There is no default value.

opts.keyCharacteristics

boolean

Optional

Whether or not the metrics about the characteristics of the shard key are calculated. For details, see keyCharacteristics.

Defaults to true.

opts.readWriteDistribution

boolean

Optional

Whether or not the metrics about the read and write distribution are calculated. For details, see readWriteDistribution.

Defaults to true.

opts.sampleRate

double

Optional

The proportion of the documents in the collection to sample when calculating the metrics about the characteristics of the shard key. If you set sampleRate, you cannot set sampleSize.

Must greater than 0, up to and including 1.

There is no default value.

opts.sampleSize

integer

Optional

The number of documents to sample when calculating the metrics about the characteristics of the shard key. If you set sampleSize, you cannot set sampleRate.

If not specified and sampleRate is not specified, the sample size defaults to sample size set by analyzeShardKeyCharacteristicsDefaultSampleSize.

For behavior, see analyzeShardKey Behavior.

For details, see analyzeShardKey Access Control.

For sample output, see analyzeShardKey Output.

Consider a simplified version of a social media app. The collection we are trying to shard is the post collection.

Documents in the post collection have the following schema:

{
userId: <uuid>,
firstName: <string>,
lastName: <string>,
body: <string>, // the field that can be modified.
date: <date>, // the field that can be modified.
}
  • The app has 1500 users.

  • There are 30 last names and 45 first names, some more common than others.

  • There are three celebrity users.

  • Each user follows exactly five other users and has a very high probability of following at least one celebrity user.

  • Each user posts about two posts a day at random times. They edit each post once, right after it is posted.

  • Each user logs in every six hours to read their own profile and posts by the users they follow from the past 24 hours.

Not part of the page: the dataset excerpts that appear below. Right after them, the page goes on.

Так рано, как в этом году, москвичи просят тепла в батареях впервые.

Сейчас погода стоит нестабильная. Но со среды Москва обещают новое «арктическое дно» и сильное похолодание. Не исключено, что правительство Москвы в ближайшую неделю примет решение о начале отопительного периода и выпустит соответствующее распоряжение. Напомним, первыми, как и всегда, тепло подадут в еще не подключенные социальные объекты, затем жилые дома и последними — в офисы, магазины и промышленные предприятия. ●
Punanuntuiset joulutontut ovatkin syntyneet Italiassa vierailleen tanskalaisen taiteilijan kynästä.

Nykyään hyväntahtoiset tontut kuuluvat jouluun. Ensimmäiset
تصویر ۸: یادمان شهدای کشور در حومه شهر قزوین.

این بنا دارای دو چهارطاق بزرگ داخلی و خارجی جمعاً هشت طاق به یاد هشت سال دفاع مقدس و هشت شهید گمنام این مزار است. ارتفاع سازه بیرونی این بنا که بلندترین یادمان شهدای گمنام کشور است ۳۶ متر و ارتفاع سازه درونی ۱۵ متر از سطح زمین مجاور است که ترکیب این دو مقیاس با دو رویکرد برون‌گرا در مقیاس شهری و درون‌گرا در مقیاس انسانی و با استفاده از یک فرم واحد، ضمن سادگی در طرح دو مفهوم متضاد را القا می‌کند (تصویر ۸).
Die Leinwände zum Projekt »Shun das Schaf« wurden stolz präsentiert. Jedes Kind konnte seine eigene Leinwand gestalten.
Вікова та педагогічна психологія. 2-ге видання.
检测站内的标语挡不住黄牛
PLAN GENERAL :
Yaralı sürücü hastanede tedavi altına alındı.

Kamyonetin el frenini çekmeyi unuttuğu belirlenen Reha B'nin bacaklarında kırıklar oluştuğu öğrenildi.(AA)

They also reply under a random post from the past three hours.

  • For every user, the app removes posts that are more than three days old at midnight.

This workload has the following query patterns:

  • find command with filter { userId: , firstName: , lastName: }

  • find command with filter { $or: [{ userId: , firstName: , lastName:, date: { $gte: }, ] }

  • findAndModify command with filter { userId: , firstName: , lastName: , date: } to update the body and date field.

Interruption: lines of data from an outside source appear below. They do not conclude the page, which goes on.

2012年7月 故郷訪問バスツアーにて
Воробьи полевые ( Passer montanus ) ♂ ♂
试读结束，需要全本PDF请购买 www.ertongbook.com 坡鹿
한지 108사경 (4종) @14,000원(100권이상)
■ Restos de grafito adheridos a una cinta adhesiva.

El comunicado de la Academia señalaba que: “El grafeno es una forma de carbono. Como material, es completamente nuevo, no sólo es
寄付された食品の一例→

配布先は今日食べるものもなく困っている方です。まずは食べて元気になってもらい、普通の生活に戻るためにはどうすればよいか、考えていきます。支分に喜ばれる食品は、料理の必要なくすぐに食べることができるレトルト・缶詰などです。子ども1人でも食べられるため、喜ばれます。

  • update command with multi: false and filter { userId: , firstName: , lastName: , date: { $gte: , $lt: } } to update the body and date field.

  • delete command with multi: true and filter { userId: , firstName: , lastName: , date: { $lt: } }

Below are example metrics returned by db.collection.analyzeShardKey for some candidate shard keys, with sampled queries collected from seven days of workload.

Note

Before you run the db.collection.analyzeShardKey method, read the Supporting Indexes section. If you require supporting indexes for the shard key you are analyzing, use the db.collection.createIndex() method to create the indexes.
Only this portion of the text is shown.